The remarkable story of how the Pohlad family ended up in a nine-figure fight with the Internal Revenue Service over the late Carl Pohlad's estate isn't that remarkable at all.
It's called estate planning.
Not that the three sons of Carl Pohlad actually planned for a very public dispute with the IRS, one that makes them look like they tried to game the tax code.
In fact, the only thing really remarkable here is the sheer size involved, as the IRS is looking for $121 million in additional estate taxes just related to Carl Pohlad's ownership in the Minnesota Twins. The clear outlines of a sensible estate plan, one that any number of business owners would have, are visible in what's publicly available in U.S. Tax Court filings.

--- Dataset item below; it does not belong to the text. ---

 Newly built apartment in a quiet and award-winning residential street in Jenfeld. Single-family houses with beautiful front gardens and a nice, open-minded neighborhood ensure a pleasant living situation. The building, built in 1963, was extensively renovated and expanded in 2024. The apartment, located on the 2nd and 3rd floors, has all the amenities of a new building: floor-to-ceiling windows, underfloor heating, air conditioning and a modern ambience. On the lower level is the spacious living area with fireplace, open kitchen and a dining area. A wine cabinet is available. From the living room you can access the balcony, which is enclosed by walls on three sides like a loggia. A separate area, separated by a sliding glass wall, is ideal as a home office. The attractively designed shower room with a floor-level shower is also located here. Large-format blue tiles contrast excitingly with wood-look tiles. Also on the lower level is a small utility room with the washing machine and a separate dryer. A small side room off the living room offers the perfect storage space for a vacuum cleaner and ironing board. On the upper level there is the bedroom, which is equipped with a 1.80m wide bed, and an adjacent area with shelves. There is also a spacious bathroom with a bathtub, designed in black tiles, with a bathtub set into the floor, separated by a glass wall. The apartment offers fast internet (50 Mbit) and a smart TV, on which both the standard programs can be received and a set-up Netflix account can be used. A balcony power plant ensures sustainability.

"Estate planning involves tax planning, but it also involves the transition of operations of businesses from one generation to the next," said Jim Pohlad, with his two brothers the executors of his father's estate, in a brief telephone conversation. "We did that on a careful, planned basis."

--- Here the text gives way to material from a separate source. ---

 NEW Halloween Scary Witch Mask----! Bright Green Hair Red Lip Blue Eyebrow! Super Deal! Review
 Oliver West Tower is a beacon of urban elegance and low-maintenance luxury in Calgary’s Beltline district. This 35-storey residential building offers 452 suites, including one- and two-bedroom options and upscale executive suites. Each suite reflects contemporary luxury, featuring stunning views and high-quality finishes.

Carl Pohlad, a banker and investor best known in the latter part of his career as principal owner of the Minnesota Twins, died in 2009. His three sons, as executors of his estate, filed the estate's tax return but were hit this spring with a "deficiency notice" from the IRS for underpaid estate taxes.
That meant they had to resolve the deficiency through negotiation by June 6 or file a petition with the U.S. Tax Court contesting the IRS's position that the estate owes many millions more in additional taxes. When early June rolled around with no resolution, they filed their petition.
Even though there's a list of things in dispute with the IRS, including how to treat a block of cemetery plots, this is really all about the chasm between what the IRS thinks Carl Pohlad's Minnesota Twins ownership stake was worth in January 2009 — $293 million — and the $24 million value the estate's tax return put on his Twins equity.